ABOUT THIS TASK:
Omit all pictures, and print word for word only the lines from the one containing "180gr de papas" through the end of the data.

RECORD SET:
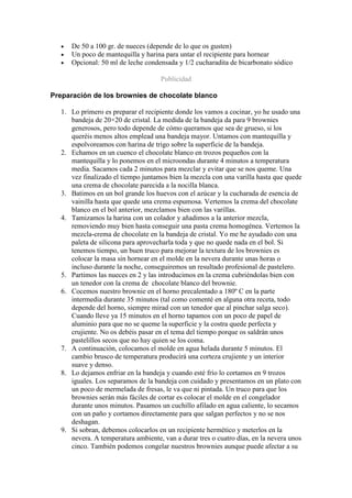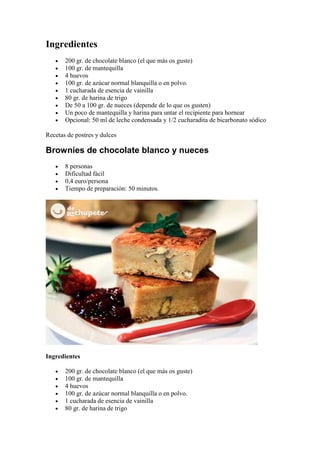 Este documento proporciona una receta para brownies de chocolate blanco y nueces. La receta incluye ingredientes como chocolate blanco, mantequilla, huevos, azúcar, harina y nueces. La preparación implica derretir el chocolate y la mantequilla, luego batir los huevos con azúcar y mezclarlos con la mezcla de chocolate. A continuación, se añade la harina tamizada y las nueces a la mezcla. La masa se hornea a 180°C durante 35 minutos y luego se enfría antes de cortarla en porcion
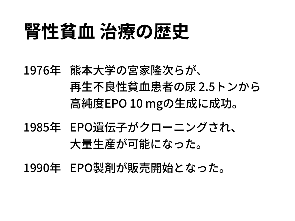 #40. 腎性貧血 治療の歴史 1976年 熊本大学の宮家隆次らが、 再生不良性貧血患者の尿 2.5トンから 高純度EPO 10 mgの生成に成功。  1985年 EPO遺伝子がクローニングされ、 大量生産が可能になった。 1990年 EPO製剤が販売開始となった。
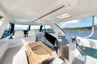 • Flybridge aft docking & fishing helm, Electric steering, S/S wheel inc. stop/start panel /dual lever engine controls, horn and dash cover
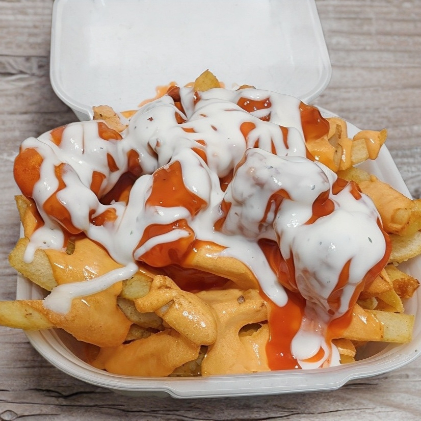 180gr de papas fritas bañadas de queso cheddar, encima boneless bañados en una salsa y ranch
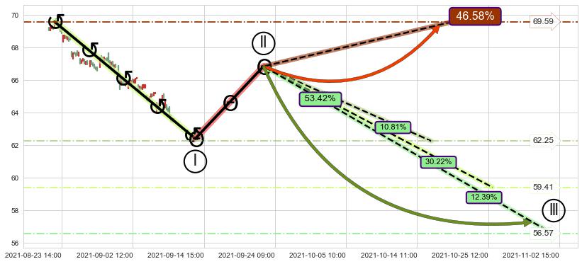 ➣ 5.1: 预测当前第5浪位置(09-09:14, 63.57),仍然有下跌空间
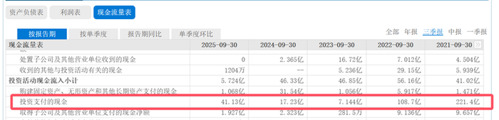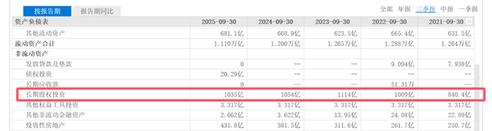 公开数据显示,近五年来保利的长期股权投资数额变化不太明显,从下图(一)可以看出,在2023年9月末达到1114亿的最高峰后,到今年9月末依然有1035亿的规模,仅缩小了7%;并且,下图(二)数据显示,最近两三年新增投资呈现断崖式萎缩,说明类似前些年的表外大规模合作基本停止了,这就表明了现存规模大部分都是历史遗留项目。
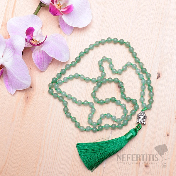 An elegant necklace made of aventurine beads, with the head of Buddha. An attractive and unmissable piece of jewelry. The diameter of the beads is approx. 6 mm, the metal Buddha head is made of base metal, the length of the necklace is approx. 80 cm without the tassel. Illustrative image, you are buying a natural product, therefore individual necklaces may differ from it mainly in color shade, luster and stone pattern. However, you will always receive a necklace of comparable quality.
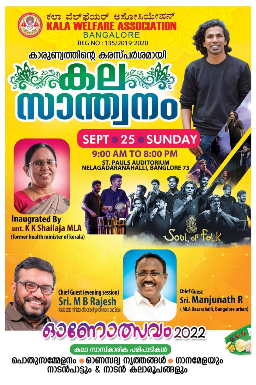ദാസറഹള്ളി : ബാംഗ്ലൂരിലെ പ്രമുഖ സാമൂഹ്യ സംഘടനയായ കല വെൽഫെയർ അസോസിയേഷന്റെ ഓണാഘോഷവും. കാരുണ്യ പദ്ധതിയായ കല സ്വന്തനത്തിന്റെ ഉദ്ഘടനവും സെപ്റ്റംബർ 25 ഞായറാഴ്ച രാവിലെ 11.30 നു കേരളത്തിന്റെ മുൻ ആരോഗ്യ വകുപ്പ് മന്ത്രി ശ്രീമതി. കെ കെ ശൈലജ ടീച്ചർ നിർവഹിക്കുന്നു. പ്രസ്തുത പരിപാടിയിൽ കേരള exise വകുപ്പ് മന്ത്രി എം ബി രാജേഷ് മുഖ്യ അഥിതിയായി പങ്കെടുക്കുന്നതാണ്.

EXPECTED OUTPUT:
 180gr de papas fritas bañadas de queso cheddar, encima boneless bañados en una salsa y ranch
 ➣ 5.1: 预测当前第5浪位置(09-09:14, 63.57),仍然有下跌空间
 公开数据显示,近五年来保利的长期股权投资数额变化不太明显,从下图(一)可以看出,在2023年9月末达到1114亿的最高峰后,到今年9月末依然有1035亿的规模,仅缩小了7%;并且,下图(二)数据显示,最近两三年新增投资呈现断崖式萎缩,说明类似前些年的表外大规模合作基本停止了,这就表明了现存规模大部分都是历史遗留项目。
 An elegant necklace made of aventurine beads, with the head of Buddha. An attractive and unmissable piece of jewelry. The diameter of the beads is approx. 6 mm, the metal Buddha head is made of base metal, the length of the necklace is approx. 80 cm without the tassel. Illustrative image, you are buying a natural product, therefore individual necklaces may differ from it mainly in color shade, luster and stone pattern. However, you will always receive a necklace of comparable quality.
ദാസറഹള്ളി : ബാംഗ്ലൂരിലെ പ്രമുഖ സാമൂഹ്യ സംഘടനയായ കല വെൽഫെയർ അസോസിയേഷന്റെ ഓണാഘോഷവും. കാരുണ്യ പദ്ധതിയായ കല സ്വന്തനത്തിന്റെ ഉദ്ഘടനവും സെപ്റ്റംബർ 25 ഞായറാഴ്ച രാവിലെ 11.30 നു കേരളത്തിന്റെ മുൻ ആരോഗ്യ വകുപ്പ് മന്ത്രി ശ്രീമതി. കെ കെ ശൈലജ ടീച്ചർ നിർവഹിക്കുന്നു. പ്രസ്തുത പരിപാടിയിൽ കേരള exise വകുപ്പ് മന്ത്രി എം ബി രാജേഷ് മുഖ്യ അഥിതിയായി പങ്കെടുക്കുന്നതാണ്.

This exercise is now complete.